Bank mergers are, to many analysts, a critical part of making the U.S. financial system stronger, and any slowdown in consolidation is negative for that recovery. The United States has some 6,350 banks, and with interest rates near zero, income from lending has hardly been growing for years, data from the Federal Deposit Insurance Corp show. Meanwhile, regulatory costs are rising as banks have to follow new rules and report more data to regulators, a burden that weighs particularly on smaller banks.

Both KeyCorp and New York Community Bancorp were believed to have overpaid in their deals, analysts and investors said. KeyCorp, for example, is paying 1.7 times a measure of First Niagara's net worth called "tangible book value," and New York Community Bancorp is paying 1.5 times Astoria's tangible book value. The average for the last seven quarters has been closer to 1.4 times, according to a research report from KBW.

The Key deal is "almost certainly a ticking time bomb of value destruction," wrote veteran financial stock analyst Tom Brown in a blog post on Monday.

Beth Mooney, Chief Executive of KeyCorp, told Reuters that First Niagara is a good strategic fit with her bank, and will be able to cut costs and increase revenue for both companies and to reward shareholders.

The New York Community Bank stock declines were "kind of a slap on the wrist saying we don't mind you doing deals but let's be more shareholder friendly when you're negotiating those prices," said Peter Kovalski, a portfolio manager at Alpine Funds in Purchase, New York who helps run $4 billion of assets.

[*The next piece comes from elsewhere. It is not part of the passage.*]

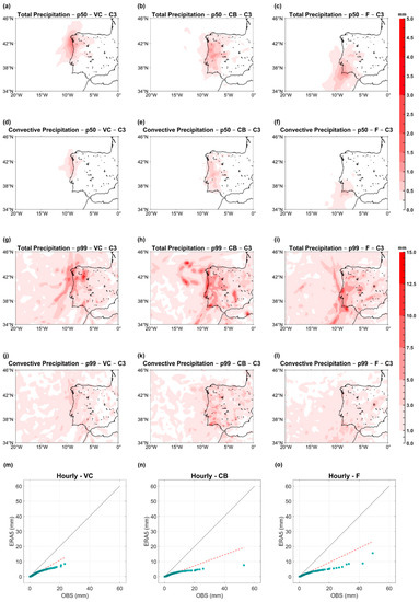 Figure 2 shows the 50th and 99th percentiles (p50 and p99) for ERA5 TP (Figure 2a–c,g–i) and CP (Figure 2d–f,j–l) for the highest precipitation class, C3, and by WS. Regarding the medians (p50), the maxima of both total precipitation and convective precipitation are located close to the corresponding weather station. Convective precipitation also contributes to the total precipitation. It is also worth mentioning that the precipitation core has a significant extension over maritime areas in VC and F, whereas, in CB, the core is mostly located over land areas of the Iberian Peninsula. It is relevant to note that, for half of the SHHP events (>5 mm/10 min), ERA5 displays hourly accumulated precipitation of less than 5 mm. When considering the 99th percentile (p99), similar conclusions can be drawn, but showing very localized mesoscale cores, with values ranging from 10 to 15 mm. When comparing hourly observations with ERA5 reanalysis (Figure 2m–o), it is clear that ERA5 strongly underestimates precipitation, mostly for precipitation above 10 mm, in line with [56].

New York Community Bank CFO Thomas Cangemi said the deal will create value for shareholders over time because his bank trades at a higher valuation than Astoria.

POSSIBLE ACQUIRERS

Many on Wall Street are still hopeful about future deals. Analysts have been sending around lists of possible acquirers and sellers. A recent list from analysts at KBW included Synovus Financial Corp, (NYSE: SNV) a bank with about $28 billion of assets based in Columbus, Georgia, and Flushing Financial Corp, (NASDAQ: FFIC) a bank based in suburban New York with more than $5 billion in assets, as potential targets.

A Synovus spokesman declined to comment, but the bank's chief executive said on a recent conference call that the bank is evaluating acquisitions. A Flushing Financial spokeswoman did not respond to questions.

Emmett Daly, investment banking principal at Sandler O'Neill, said the share price declines following last week's deals were a "temporary setback," but he still thinks the recent round of acquisitions will pave the way for more acquisitions of banks worth $1 billion or more. Several bankers noted that the macro factors that could spur deals, including relatively low rates, and higher regulatory compliance costs, are not going away.

M&T's trouble getting the Hudson City deal may provide another reason for any recovery in bank M&A to be tepid. The acquirer needed three years to win approval for the deal after regulators found problems with its systems for preventing money laundering, according to its regulatory filings.

"The Fed made it exceedingly clear that if you come into the deal with any issues at all, the deal will get thrown right back into your face, and lots of banks have a lot of issues," said H. Rodgin Cohen, a lawyer at Sullivan & Cromwell who advises banks on mergers and acquisitions and advised M&T on that deal.

Those concerns are still putting a damper on the number of regional bank mergers in the pipeline, Cohen said, adding that sellers do not want to announce a deal they cannot actually complete.